*Directions:*
Transcribe the line that contains "Аудит на промплощадке ПГУ" and every line after it to the end of the records, exactly and nothing else. Skip the pictures.

[Stored data entries]
------------------------------------------------
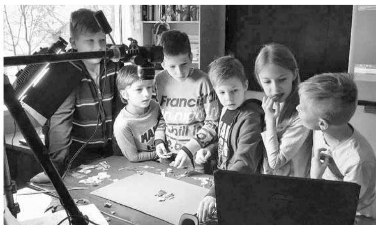
Animācijas filmiņas veidošanas process.

Kādas personības darbojas animācijā? Kā šie cilvēki ir izvēlējušies profesiju saistītu ar kino un šajā gadījumā animāciju? – bet arī bija iespēja pašiem redzēt vizuāli krāšņu lekciju par dažādām profesijām, kas nepieciešamas, lai izveidotu animācijas filmu. Skolēni tika iepazīstināti ar konkrētām personībām no vadošajām studijām Latvijā. Pirms praktiskās darbošanās skolēniem bija iespēja noskatīties fragmentus no animācijas filmiņām „Kā Lupatiņi uzminēja”, „Kā Lupatiņi šūpojās” un „Kā Lupatiņi precējās.” Tad nodarbības otrajā daļā dalībnieki grupiņās varēja iejusties režisora un reanimatora lomā, praktiski darbojoties ar animācijas filmu tehni-
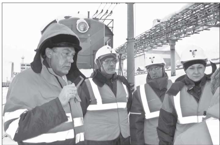
Аудит на промплощадке ПГУ
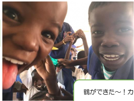
鶴ができた～！カメラに押し寄せる4年B組

折り紙は、いい単元が思いつかず、「つなぎ」でやりました。正直なところ、算数で精いっぱい、十分な準備ができたとは言えません。ナミビアの芸術は、図工、音楽、ダンス、演劇を含みます。ダンスと劇も準備したいです。
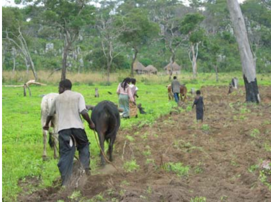
写真 6：拡大家族総出の耕起作業

耕作に切り替えた。それは、拡大家族内で起きている「過剰な死」の影響を、拡大家族内全体に波及させることを防ぐ効果は持っていたといえる。しかし、その後の経緯をみると、一部の「過剰な死」を抱える世帯はその後にも壮年者の死亡が続き、結局世帯としての農業生産が危ぶまれる状態になってきている。拡大家族単位の脆弱性緩和機能に依存できなくなった世帯の脆弱性は急速に悪化している。
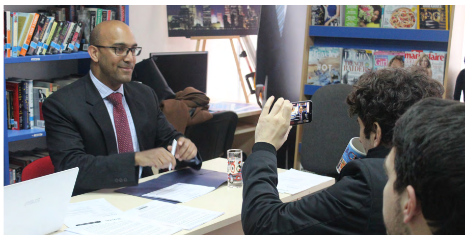
Пренос во живо на фејсбук профилот на УСАИД од Информативната сесија на ПГУ во Американско катче во Штип
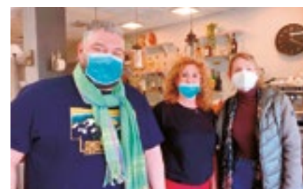
Restaurant El Gaucho (Joventut, 12)
------------------------------------------------
*Response area:*
Аудит на промплощадке ПГУ
鶴ができた～！カメラに押し寄せる4年B組

折り紙は、いい単元が思いつかず、「つなぎ」でやりました。正直なところ、算数で精いっぱい、十分な準備ができたとは言えません。ナミビアの芸術は、図工、音楽、ダンス、演劇を含みます。ダンスと劇も準備したいです。
写真 6：拡大家族総出の耕起作業

耕作に切り替えた。それは、拡大家族内で起きている「過剰な死」の影響を、拡大家族内全体に波及させることを防ぐ効果は持っていたといえる。しかし、その後の経緯をみると、一部の「過剰な死」を抱える世帯はその後にも壮年者の死亡が続き、結局世帯としての農業生産が危ぶまれる状態になってきている。拡大家族単位の脆弱性緩和機能に依存できなくなった世帯の脆弱性は急速に悪化している。
Пренос во живо на фејсбук профилот на УСАИД од Информативната сесија на ПГУ во Американско катче во Штип
Restaurant El Gaucho (Joventut, 12)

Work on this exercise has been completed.